Dan van Holst Pellekaan: That’s up to the Treasurer, the Treasurer actually contracted for that investigation to be undertaken. It’ll be up to the Treasurer to decide whether he wants to make that public or not.
Journalist: Senator thanks Minister, Senator, can I ask you the same question? Were you aware preceding the last 24 hours, that there were issues with contractors with slow payments from GFG?
Simon Birmingham: Mike I think I can recall hearing earlier coverage. Obviously what we see today is the federal Small Business Commissioner in Kate Carnell taking the right action in terms of advocacy on behalf of small businesses. Our Federal Liberal National Government has taken very seriously the need to ensure as a government that we have hastened and fastened payments to small and medium businesses to make sure that the federal government pays on time. And just last December Scott Morrison, in addressing the Business Council of Australia made commitments to extend that even further and also to apply pressure to large businesses around Australia to make sure that they do more to pay small businesses faster and our message would be very clear whether it is the federal government state governments or big business everyone should pay small businesses on time and in a timely manner.
Journalist: So you’re saying to the GFG and Sanjeey Gupta, lift your game?
Simon Birmingham: GFG are highly valued investors in South Australia, they are making an incredible job in terms of turning around the prospects and the fortunes in Whyalla but they like every large business ought to pay small businesses in a timely way.
Journalist: So it’s not good enough what they’re doing at the moment?

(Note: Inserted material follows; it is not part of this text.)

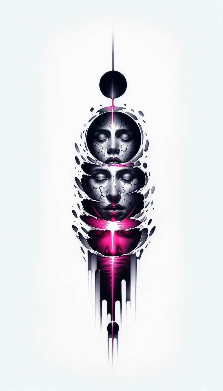 This piece presents a vertical arrangement of three grayscale faces whose expressions are softened by a crackled surface, as if carved from porcelain and then restored by color. The design relies on precise linework and layered shading to create depth, while a neon pink axis runs through the center, accenting the bridge between each visage and guiding the eye downward into a tapering, dripping column of ink. Circular halos around each face provide rhythm and balance, echoing mandala-like symmetry while remaining strongly contemporary. The cracks across the surfaces act as a graphic pattern, a time-worn map of resilience that contrasts with the smooth gradient shading and crisp outlines, rendering the piece both realistic and dreamlike. The lower portion detaches into elongated vertical drips that melt into the skin, a signature motion of modern tattoo design that invites close inspection and distance reading. The technique marries fine line precision with soft shading and careful gradient transitions, yielding a black and grey realism that sits between Japanese style tattoo discipline and Western geometric abstraction. Meaningfully, the stacked faces can be read as multiple facets of identity, memory, and renewal, making it suitable for a bold cover-up on a larger canvas for older ink or as a dramatic sleeve component. The pink accents serve as a contemporary signature, while the surrounding negative space keeps the composition airy and legible over time. This is an AI-generated tattoo project that reflects current trends in ink artistry and digital-aided concepting, yet remains anchored in classic tattoo language such as ink, line work, and body art. For practitioners and clients seeking meaningful tattoos, the piece offers a versatile template for custom tattoo design, small tattoos in a larger piece, or a striking standalone statement that communicates mood and metamorphosis. Its gravity, clarity, and symbolic charge align with ongoing circles of black and grey realism, fine line tattoo sensibilities, and the broader vocabulary of meaningful tattoos, from lotus flower tattoo and infinity tattoo references to floral motifs and restrained tribal cues, making it a forward-looking contribution to the discussion of tattoo design, technique, and the future of ink.

Simon Birmingham: Well I haven’t had a personal scrutiny of exactly what’s happening but I’m just giving a clear message…
Journalist: There are plenty of anecdotal stories.
Simon Birmingham: A clear message from the federal government that our expectation is every large entity government or private sector ought to pay small businesses on time in a quick and timely manner.
Journalist: Senator how are we going in terms of our climate change goals and is this the sort of project that could help?
Simon Birmingham:. Well this is absolutely the sort of project that helps with the transformation of our energy systems and transforming them to be cleaner and greener but does so in a reliable way. We have come to learn much over the last few years that you can’t just put huge amounts of new renewable energy into the system without also having the guarantee that it’s reliable and dispatchable when the system in the grid needs it. So these are the types of new modern breakthroughs that are allowing renewable energy to be more reliable more consistent to provide the power as and when consumers and businesses need it. Now we as a country are on track to exceed our 2020 targets and we’re doing that without the need of carbon taxes or punitive measures in place because we’ve got the right range of incentives whether it’s incentives such as the grant that Arena is making through the federal government to this project, other incentives that exist in terms of our emissions reduction fund and the likes of activities that we have pursued at the federal level and we’ll make sure the same types of measures are there to give the same commitment for our 2030 targets. We’ll meet them just as Australia has met and exceeded every commitment we’ve made internationally in terms of emissions reductions today.
Journalist: Curtis, how many jobs this is likely to create here for the Strath community?
Curtis VanWalleghem: For the couple of years during construction it’ll be 30 direct jobs locally with a spin-off of about one hundred and fifty additional jobs. And then over the life which will be 30 plus years of this asset there will be roughly four or five full time jobs plus some spin off jobs as a result. Thank you.